Reproduce the listing below exactly, except for its pictures.

○ ○ ○ ○

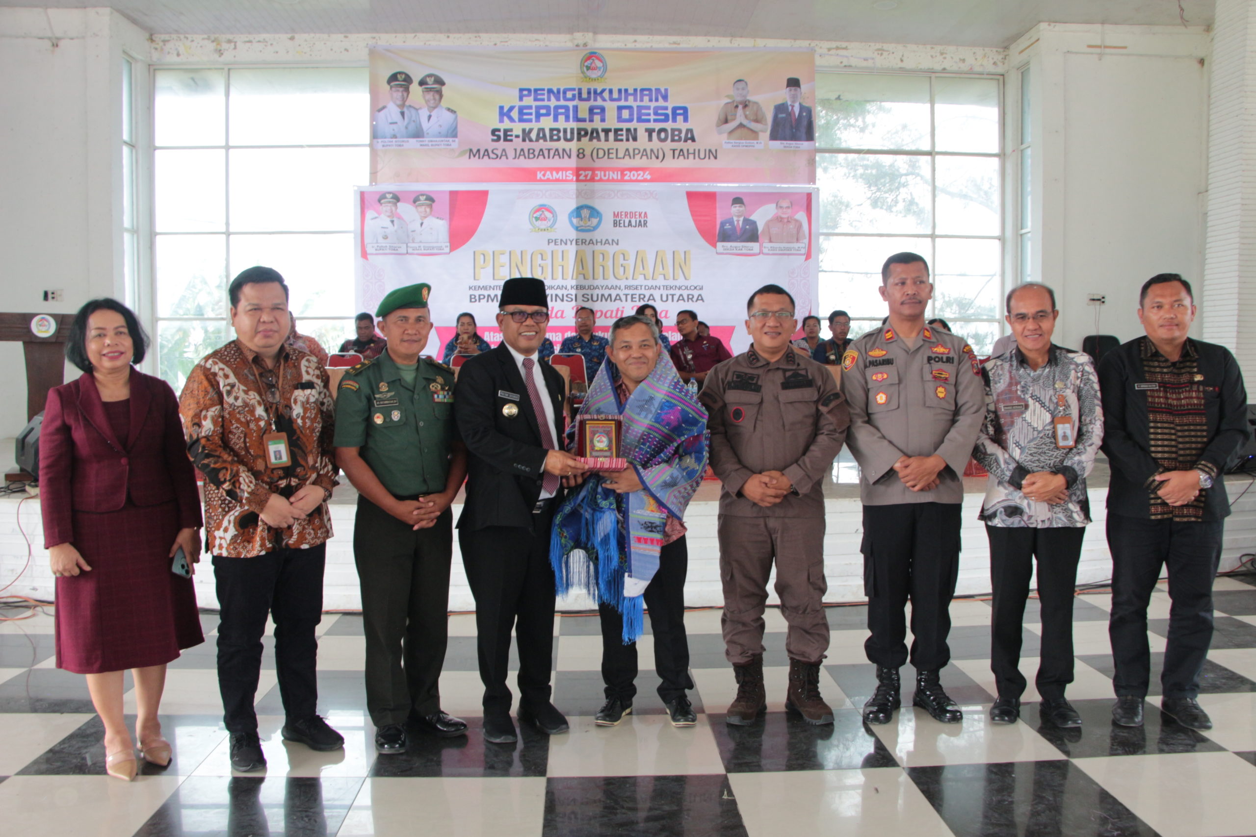 BPMP Provinsi Sumatera Utara memberikan apresiasi penghargaan kepada pemerintah Kabupaten Toba atas kerjasama dan dukungannya dalam mendorong implementasi kebijakan Merdeka belajar ( 27/06/2024), di Aula Pendopo rumah dinas bupati, Balige.
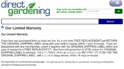 Ordered 3 grape plants from Direct Gardening on April 20, 2020. Towards the end of May became concerned that my order #389650 hadn't shipped. Contacted them by email because they never answered their phone. End of May I emailed them telling them that if I didn't receive my order within a week I wanted a refund. No response. June 2nd I requested a refund (Email) as the planting time was over for any reasonable chance of survival of bare rooted plants. On June 4th they shipped the order even though I requested a refund. The plants arrived mostly dead (no live buds). Doing some investigation I realizing this company has some serious problems, I contacted my credit card company and reversed the charges. Direct Gardening fought it through the dispute process getting the charges replaced. The credit card dispute process was onerous and time sensitive. I felt I could always fall back on their warranty. I now asked them to honor their warranty. They refused stating it's because of the credit card chargeback which they still received payment. They didn't honor my request for a refund and now refuse to honor their warranty. So I'm now taking it to others to resolve this dispute.
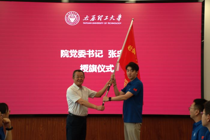 最后,张忠璞为赴俄罗斯圣彼得堡实习队伍授队旗,并合影留念。
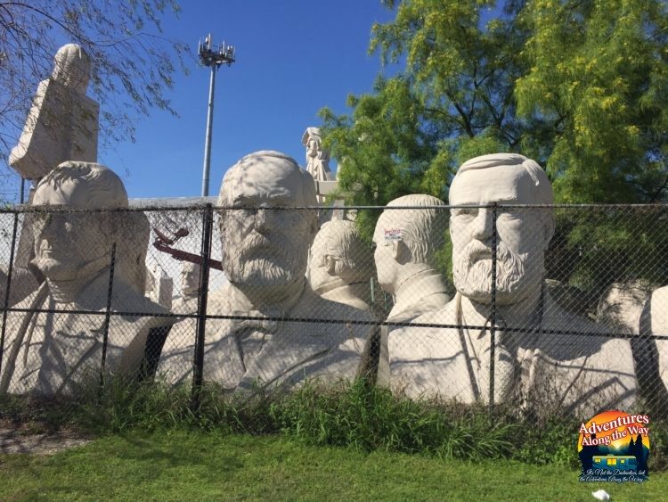 Located behind a chain link fence in an industrial area of Houston, the “Giant President Heads” are the work of artist David Adickes. The series of heads were originally displayed at theme parks in South Dakota and Virginia, but both have closed and the heads were relocated to Adickes’ storage lot.
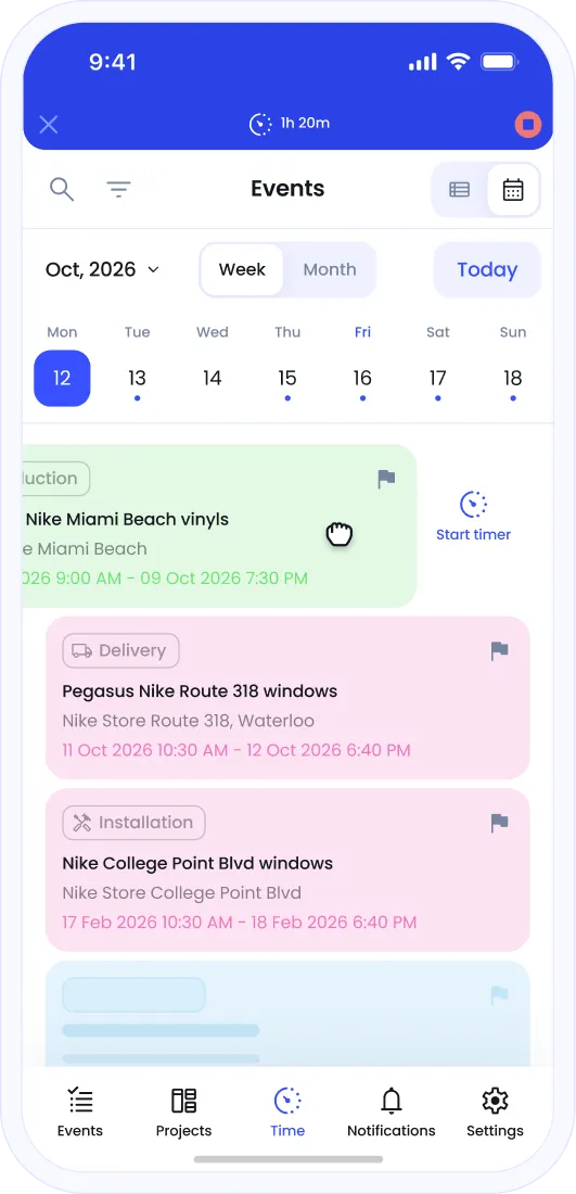 Teams clock in and out on the mobile app. Every hour is captured against the right job.
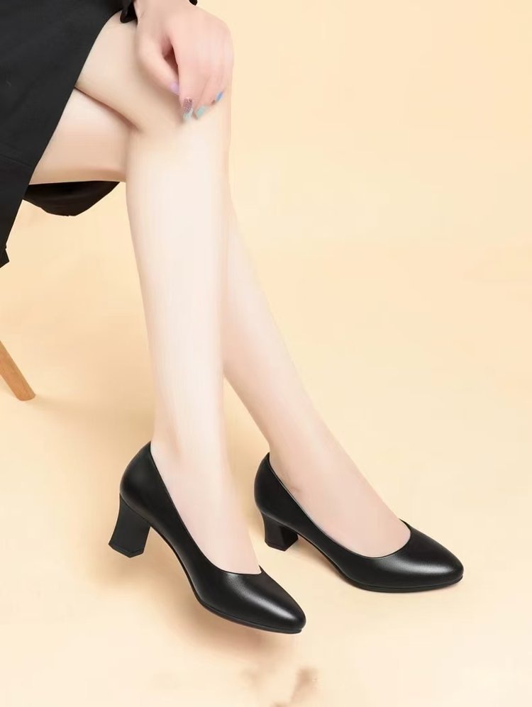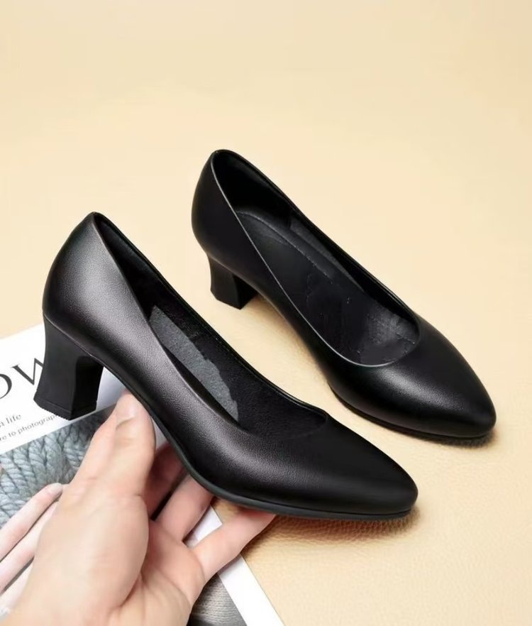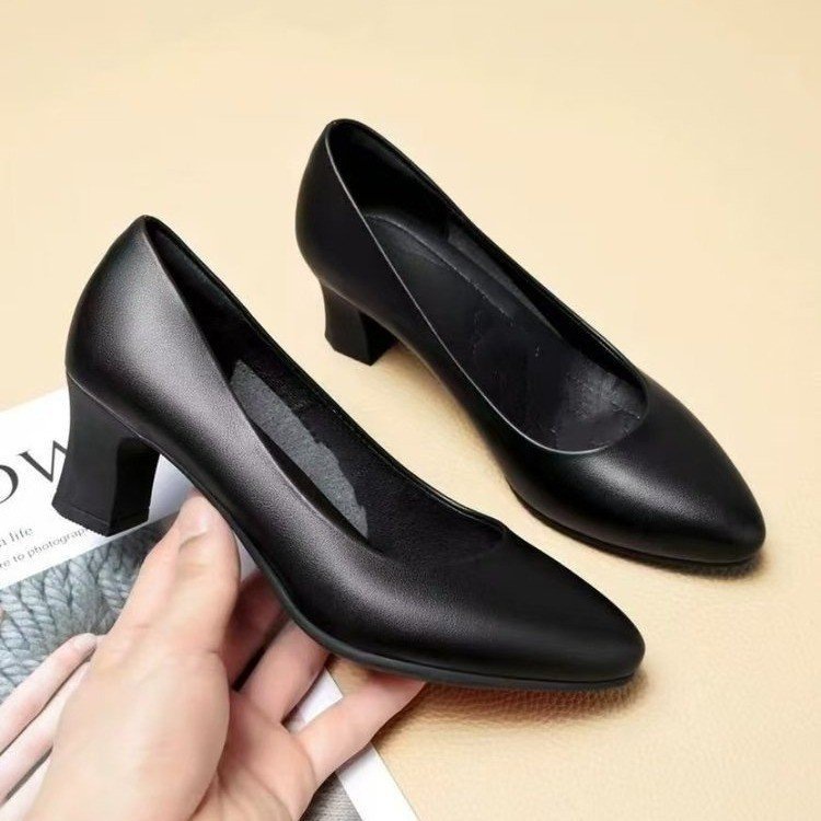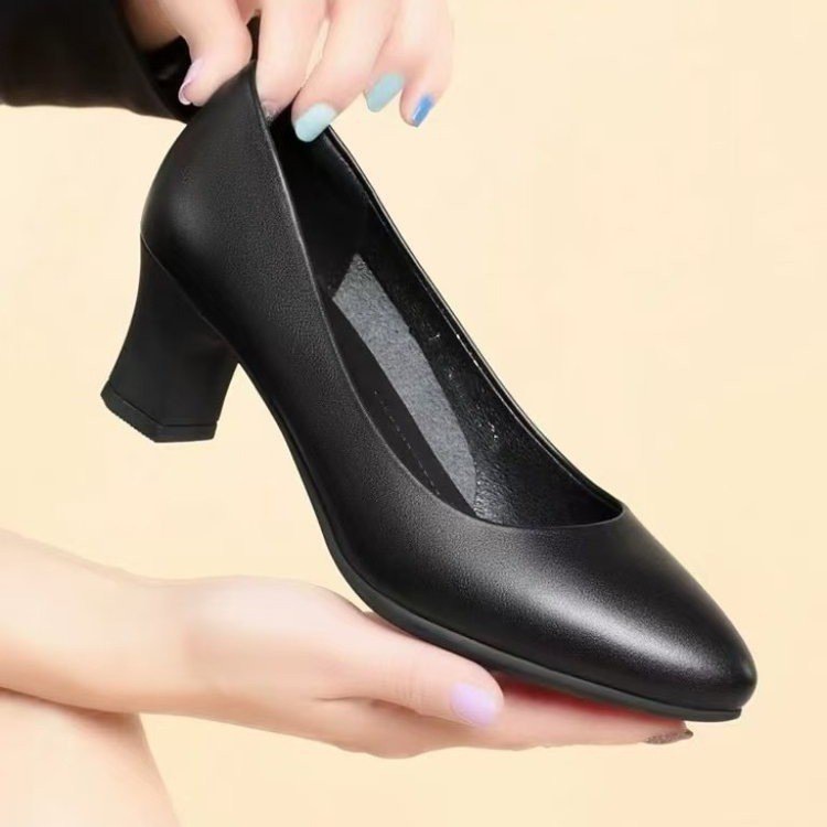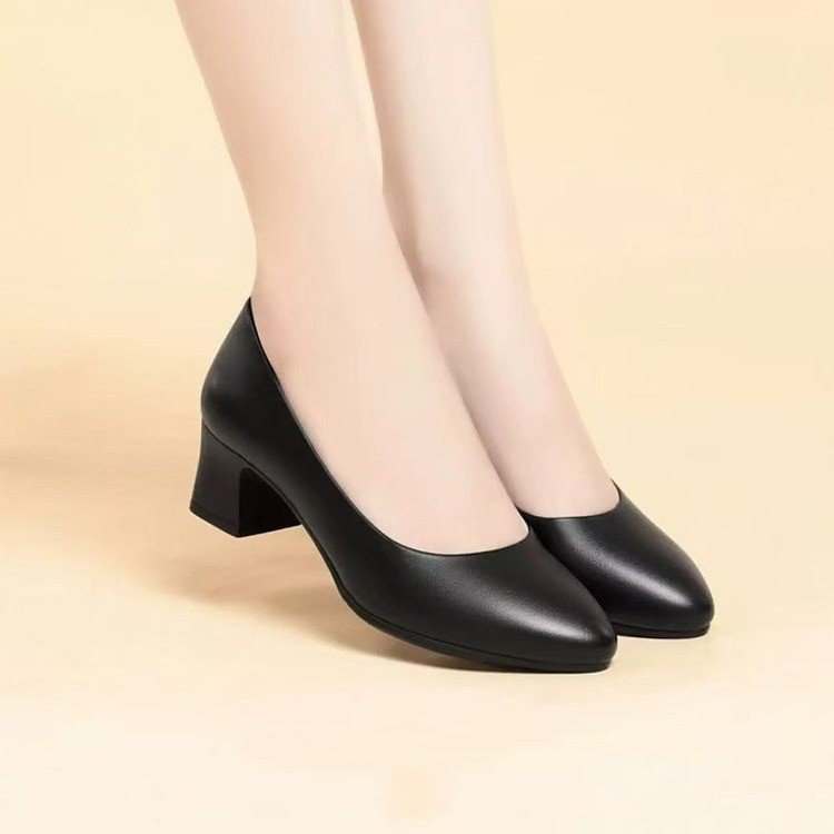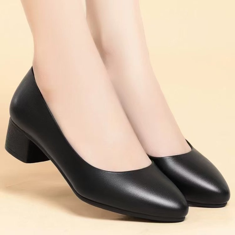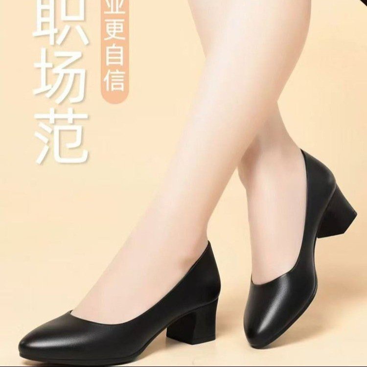 봄 작업 신발 블랙 전문 여성 싱글 신발 여성의 낮은 굽 작은 가죽 신발 여성의 중간 굽 정장 원피스 낮은 굽 스튜어디스 여성스토어 가기

○ ○ ○ ○

### Solution to this problem:
 BPMP Provinsi Sumatera Utara memberikan apresiasi penghargaan kepada pemerintah Kabupaten Toba atas kerjasama dan dukungannya dalam mendorong implementasi kebijakan Merdeka belajar ( 27/06/2024), di Aula Pendopo rumah dinas bupati, Balige.
 Ordered 3 grape plants from Direct Gardening on April 20, 2020. Towards the end of May became concerned that my order #389650 hadn't shipped. Contacted them by email because they never answered their phone. End of May I emailed them telling them that if I didn't receive my order within a week I wanted a refund. No response. June 2nd I requested a refund (Email) as the planting time was over for any reasonable chance of survival of bare rooted plants. On June 4th they shipped the order even though I requested a refund. The plants arrived mostly dead (no live buds). Doing some investigation I realizing this company has some serious problems, I contacted my credit card company and reversed the charges. Direct Gardening fought it through the dispute process getting the charges replaced. The credit card dispute process was onerous and time sensitive. I felt I could always fall back on their warranty. I now asked them to honor their warranty. They refused stating it's because of the credit card chargeback which they still received payment. They didn't honor my request for a refund and now refuse to honor their warranty. So I'm now taking it to others to resolve this dispute.
 最后,张忠璞为赴俄罗斯圣彼得堡实习队伍授队旗,并合影留念。
 Located behind a chain link fence in an industrial area of Houston, the “Giant President Heads” are the work of artist David Adickes. The series of heads were originally displayed at theme parks in South Dakota and Virginia, but both have closed and the heads were relocated to Adickes’ storage lot.
 Teams clock in and out on the mobile app. Every hour is captured against the right job.
 봄 작업 신발 블랙 전문 여성 싱글 신발 여성의 낮은 굽 작은 가죽 신발 여성의 중간 굽 정장 원피스 낮은 굽 스튜어디스 여성스토어 가기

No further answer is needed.